What makes ML in Computational Biology especially difficult?


There are several related issues that make ML for computational biology hard.
1- Getting “signal” is challenging. The data often comes with lots of noise and missing values and imputation is hard. Say you are measuring single cell RNA sequence counts, the data comes with considerable noise and lots of things may be dynamically changing during your measurements, it’s challenging to clean it. Vision and NLP are often cleaner.


2- A lot of biological data can be high dimensional in the number of variables that affect them (Curse of dimensionality). Take protein sequence of size 20, there are 20^20 possible sequences, you can barely hope to have collected data about an infinitesimally small fraction of this space, hence if the space itself is not easy (hint: it’s often not), you have a poor chance of making a generalizable model. Even notwithstanding how big the space is, large biological datasets (which may cost millions of dollars to acquire) are of the order of 10^6 samples, but most fall within 10^3–10^4. For Vision and NLP, it’s much cheaper to get bigger datasets.
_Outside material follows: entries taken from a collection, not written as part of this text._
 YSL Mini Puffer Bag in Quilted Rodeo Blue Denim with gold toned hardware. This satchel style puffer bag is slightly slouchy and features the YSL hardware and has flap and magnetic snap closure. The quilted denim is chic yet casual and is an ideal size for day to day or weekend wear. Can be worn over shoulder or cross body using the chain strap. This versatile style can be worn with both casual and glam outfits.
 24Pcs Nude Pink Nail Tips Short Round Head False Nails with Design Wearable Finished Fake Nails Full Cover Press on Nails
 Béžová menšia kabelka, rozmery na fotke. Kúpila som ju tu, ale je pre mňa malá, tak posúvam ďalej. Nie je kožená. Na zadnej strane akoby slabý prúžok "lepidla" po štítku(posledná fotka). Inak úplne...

3-Labeling your data is expensive and time consuming. Hence, you cannot iterate a lot. In my work, each experiment that labels my protein sequences, if done by people who are experts at it, takes a couple of months to finish. At best, I can hope to conduct 3–4 experiments for a project. Unsupervised learning is also hard due to lack of data.
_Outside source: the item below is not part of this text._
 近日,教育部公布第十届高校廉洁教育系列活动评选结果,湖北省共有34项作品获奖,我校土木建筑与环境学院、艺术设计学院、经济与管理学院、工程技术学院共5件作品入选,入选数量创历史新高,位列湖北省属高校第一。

4- Validation is hard (especially with generative models). If my language model is producing garbage sentences, I will immediately know, and occasionally even trouble shoot (Oh, it thinks humans bark too). If my image recognition algorithm is recognizing dogs as volcanos, I’d probably know. But if my model is telling me a protein is toxic, or a particular sequence is not going to bind to another one, I have to run at least a couple of time consuming experiments to verify.
These bottlenecks slow down research in ML as relevant to computational biology, which also means that algorithms are less mature for the purpose that we care about. But there is no lack of effort, and it is growing over time. The fact that it is hard makes it just more interesting.